Task objective
Line by line, give the data again exactly as it appears, but without pictures.

Supplied material
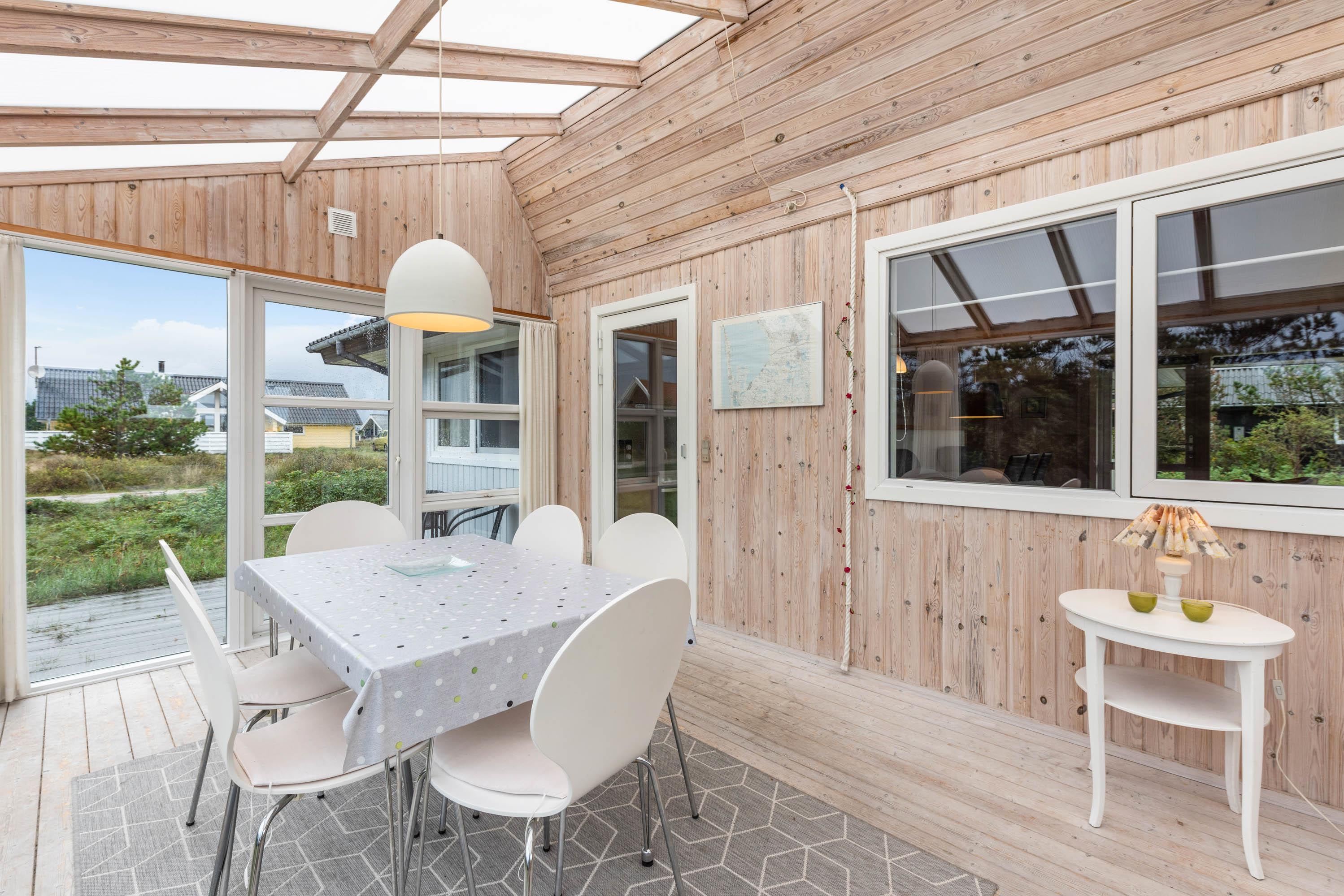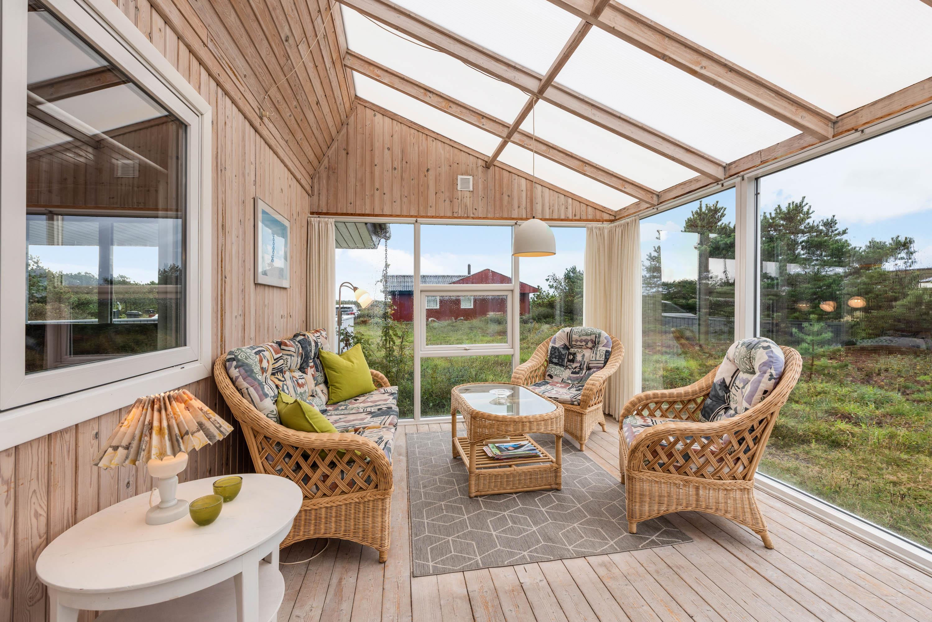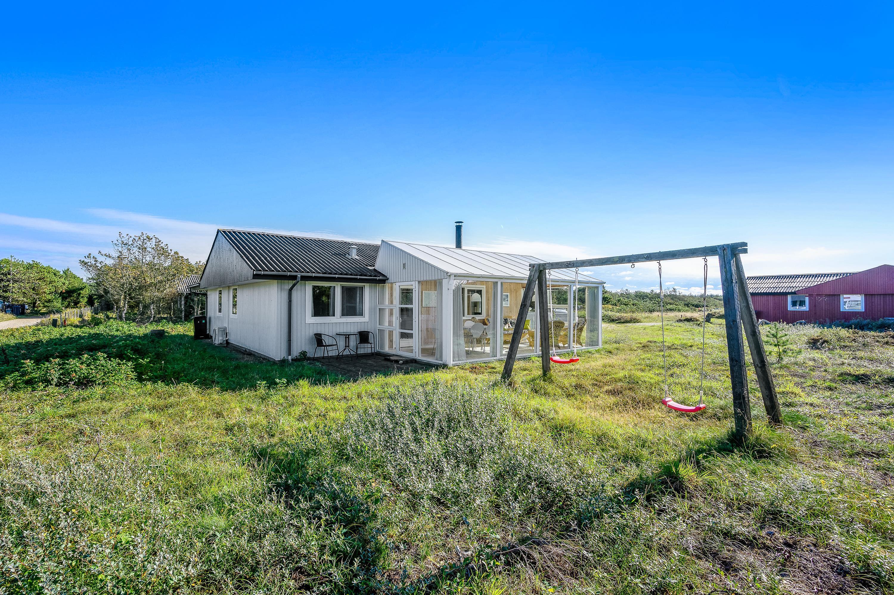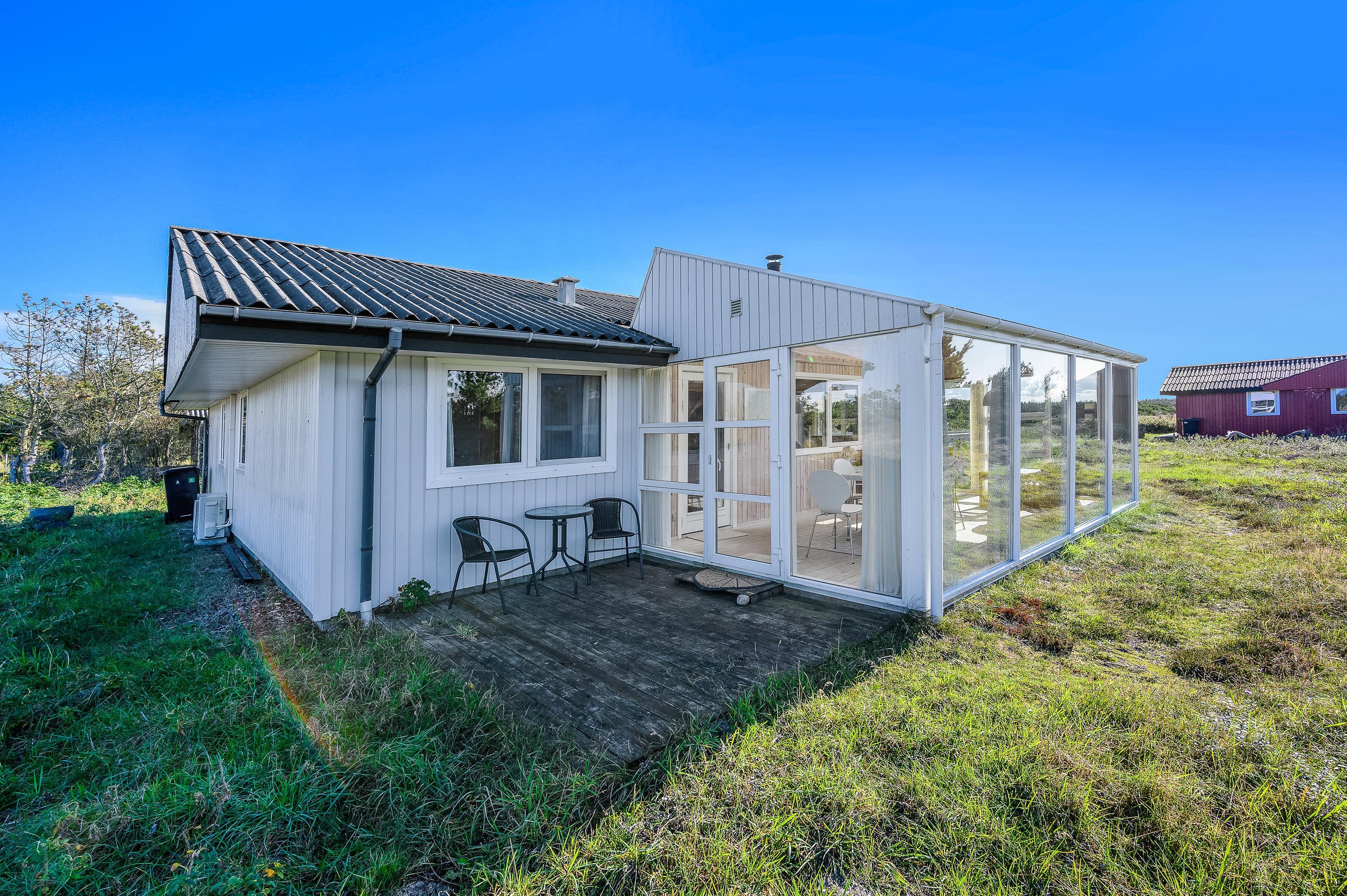 Feriehuset ligger på en stor naturgrund med udsigt mod syd over det fredede hedeområde. Terrassen er delvist overdækket og delvist lukket, så I kan nyde solnedgangen eller sidde ude uanset vejret.
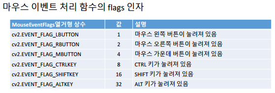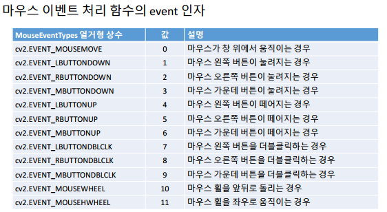 onMouse ( event, x, y, flags, param ) 의 인자를 갖고있다.
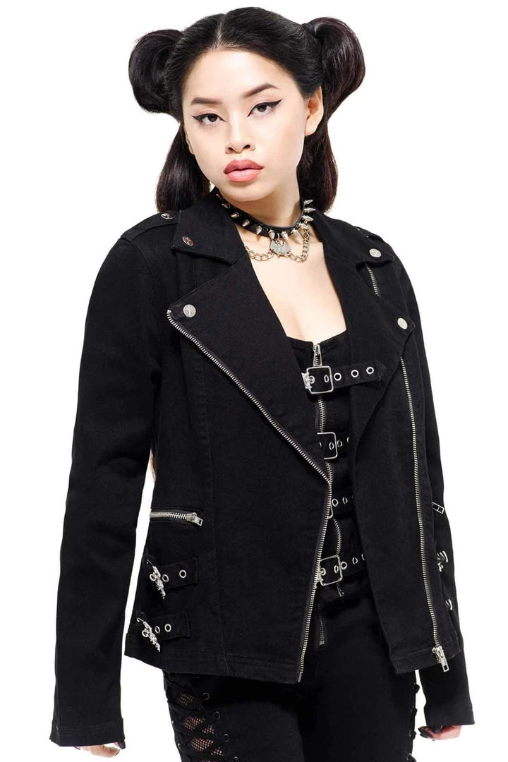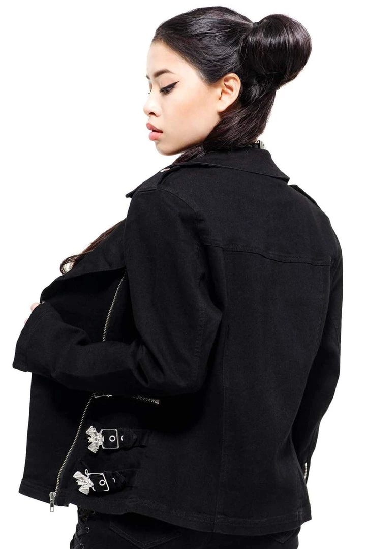 Look the gothic part in the ‘Endless Sleep’ biker jacket, with statement bat buckles and zip front + pockets – a simple style that fits in with everything. Made using a stretch denim for a comfortable fit! Super practical + versatile – looks great dress up or down!
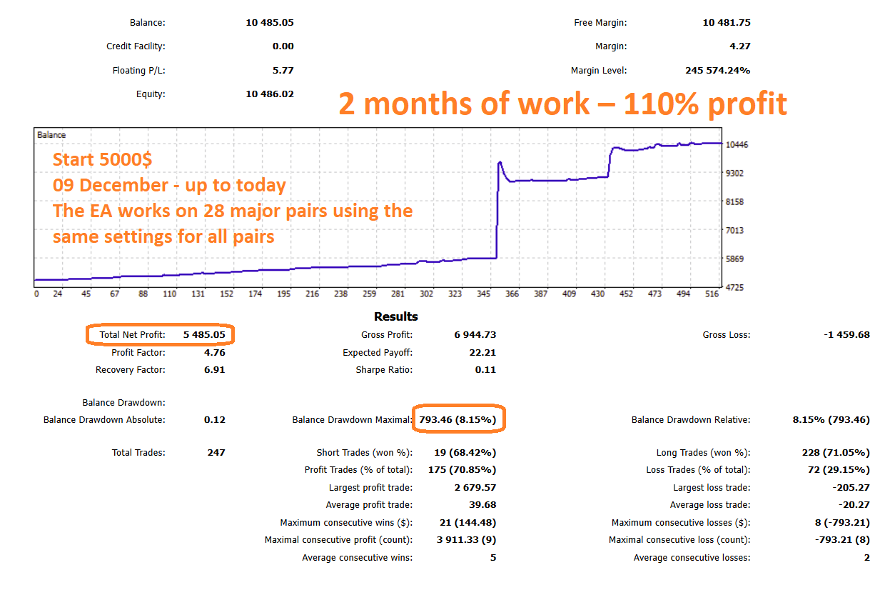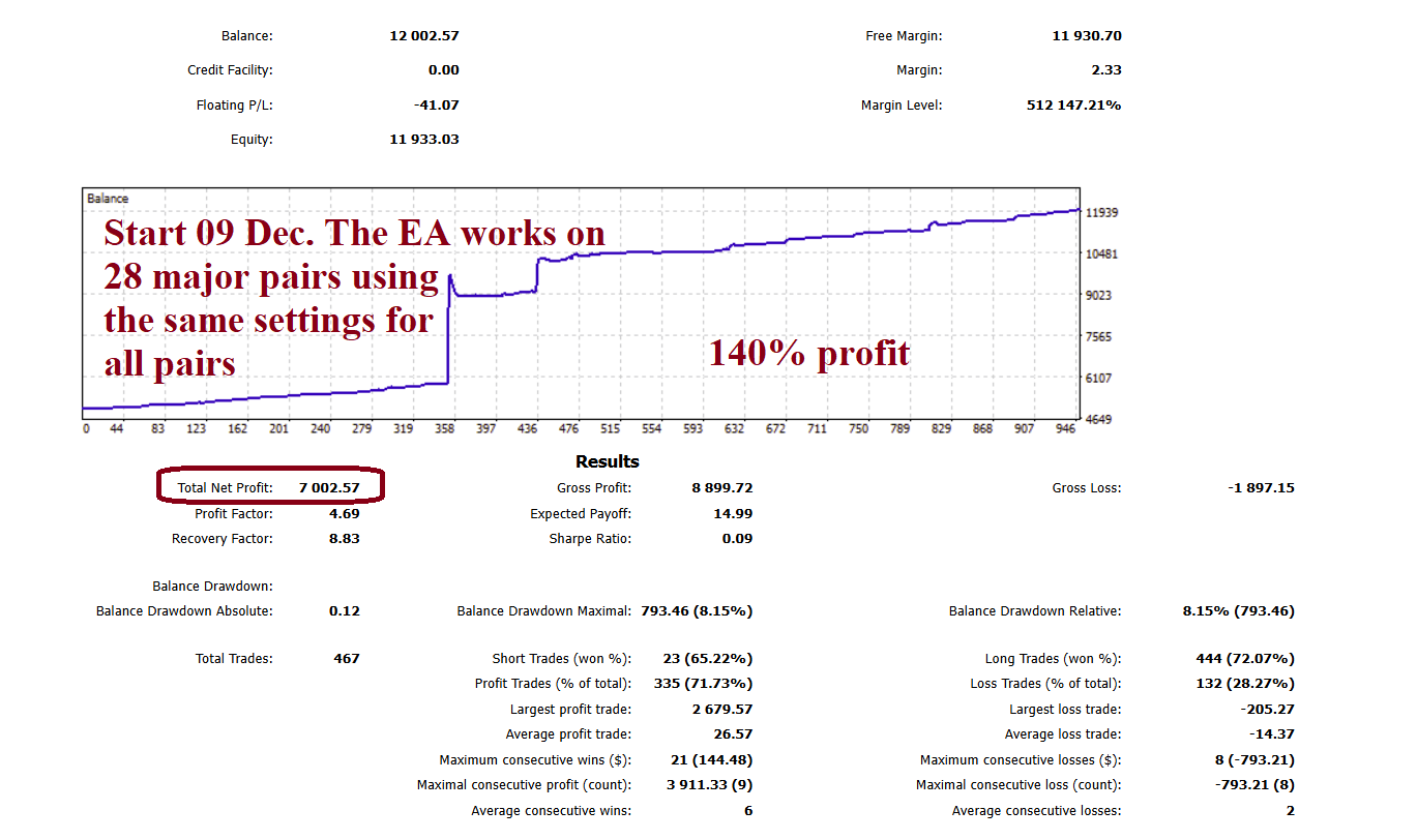 The start was on September 12, 2025, on 28 major currency pairs. This is the result up to today.
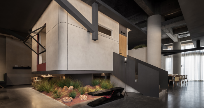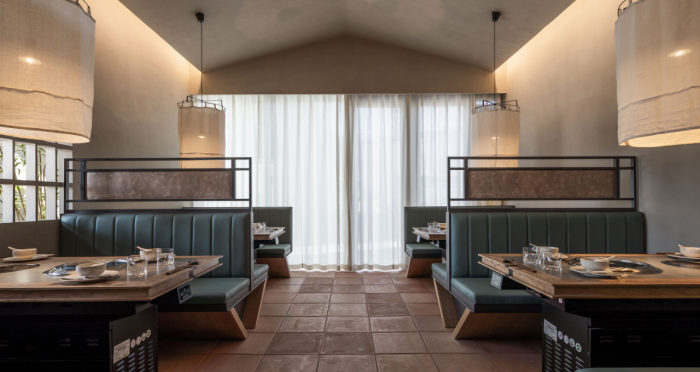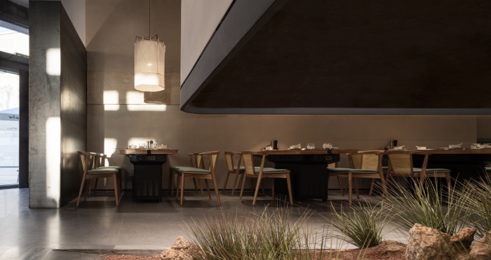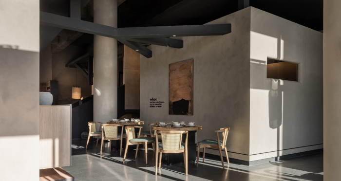 這是“侘寂煙火-如熹RUXI”餐廳的設(shè)計理念和品牌故事。餐廳以打邊爐為核心,強(qiáng)調(diào)“侘寂”美學(xué)的孤寂與市井煙火的對比。設(shè)計師通過將空間化零為整、打通室內(nèi)邊界,營造出人與自然之間的深層關(guān)系。空間設(shè)計以“侘寂煙火”為主題,運(yùn)用開放界面和透明封閉界面,將自然光引入作為主要照明方式,創(chuàng)造出豐富的光影韻律。設(shè)計希望通過空間的沉浸感讓食客放松下來,享受當(dāng)下。整體空間設(shè)計質(zhì)樸自然,融入了水墨元素,增加了調(diào)性和趣味性。通過在“侘寂”中感受人間煙火氣,設(shè)計希望重新尋找通往松弛和諧的理想生活。
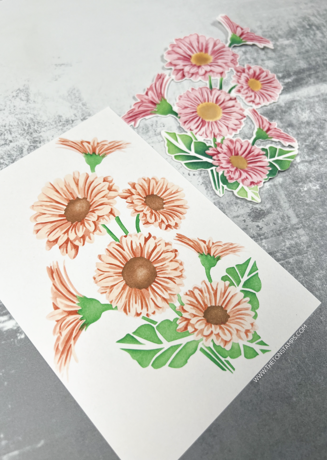 Created by Vera using our Daisy Duo stencils. Inks: Citrine, Coral and Orchid collections.
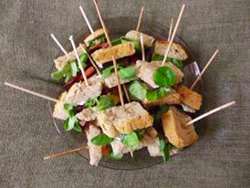 Coupez le pain, les tomates, l'oignon et le jambon en carrés. Composez le hamburger en ajoutant de la mâche avec une pointe de vinaigre. Retenez le tout avec des piques à brochettes.
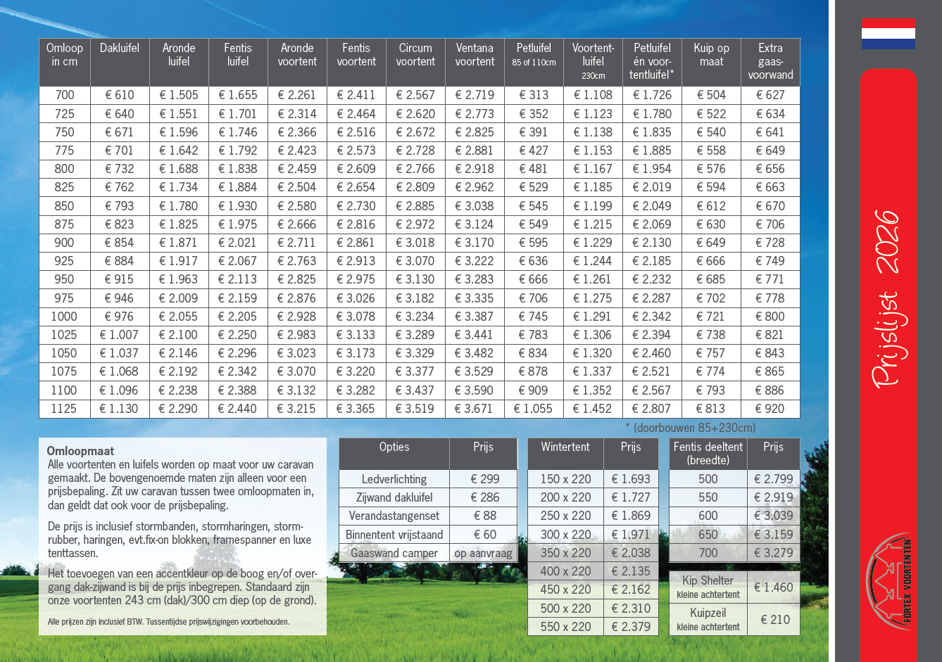 Wij van Fortex Voortenten heten u van harte welkom op onze website. Wij zijn gespecialiseerd in het maken van voortenten en luifels op maat en naar wens van de klant. Dit betekent een voortent of luifel met de perfecte pasvorm bij de omloopmaat van uw caravan, een kleurcombinatie zoals u deze wilt hebben, een voortent of luifel met de door u gekozen extra opties. Onze voortenten worden gemaakt in een ronde vorm met boogstokconstructie, hierdoor hebben ze unieke eigenschappen wat betreft stormvastheid, waterafloop en uitstraling.
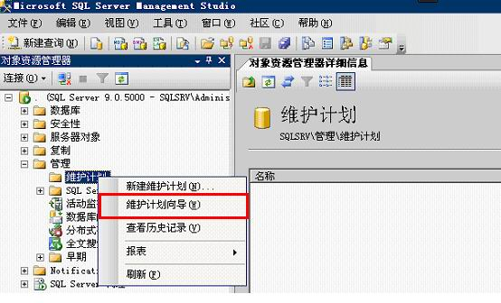 4、右擊【維護(hù)計(jì)劃】,在彈出的快捷菜單里選擇【維護(hù)計(jì)劃向?qū)А窟x項(xiàng)

Result for this task
 Feriehuset ligger på en stor naturgrund med udsigt mod syd over det fredede hedeområde. Terrassen er delvist overdækket og delvist lukket, så I kan nyde solnedgangen eller sidde ude uanset vejret.
 onMouse ( event, x, y, flags, param ) 의 인자를 갖고있다.
 Look the gothic part in the ‘Endless Sleep’ biker jacket, with statement bat buckles and zip front + pockets – a simple style that fits in with everything. Made using a stretch denim for a comfortable fit! Super practical + versatile – looks great dress up or down!
 The start was on September 12, 2025, on 28 major currency pairs. This is the result up to today.
 這是“侘寂煙火-如熹RUXI”餐廳的設(shè)計理念和品牌故事。餐廳以打邊爐為核心,強(qiáng)調(diào)“侘寂”美學(xué)的孤寂與市井煙火的對比。設(shè)計師通過將空間化零為整、打通室內(nèi)邊界,營造出人與自然之間的深層關(guān)系。空間設(shè)計以“侘寂煙火”為主題,運(yùn)用開放界面和透明封閉界面,將自然光引入作為主要照明方式,創(chuàng)造出豐富的光影韻律。設(shè)計希望通過空間的沉浸感讓食客放松下來,享受當(dāng)下。整體空間設(shè)計質(zhì)樸自然,融入了水墨元素,增加了調(diào)性和趣味性。通過在“侘寂”中感受人間煙火氣,設(shè)計希望重新尋找通往松弛和諧的理想生活。
 Created by Vera using our Daisy Duo stencils. Inks: Citrine, Coral and Orchid collections.
 Coupez le pain, les tomates, l'oignon et le jambon en carrés. Composez le hamburger en ajoutant de la mâche avec une pointe de vinaigre. Retenez le tout avec des piques à brochettes.
 Wij van Fortex Voortenten heten u van harte welkom op onze website. Wij zijn gespecialiseerd in het maken van voortenten en luifels op maat en naar wens van de klant. Dit betekent een voortent of luifel met de perfecte pasvorm bij de omloopmaat van uw caravan, een kleurcombinatie zoals u deze wilt hebben, een voortent of luifel met de door u gekozen extra opties. Onze voortenten worden gemaakt in een ronde vorm met boogstokconstructie, hierdoor hebben ze unieke eigenschappen wat betreft stormvastheid, waterafloop en uitstraling.
 4、右擊【維護(hù)計(jì)劃】,在彈出的快捷菜單里選擇【維護(hù)計(jì)劃向?qū)А窟x項(xiàng)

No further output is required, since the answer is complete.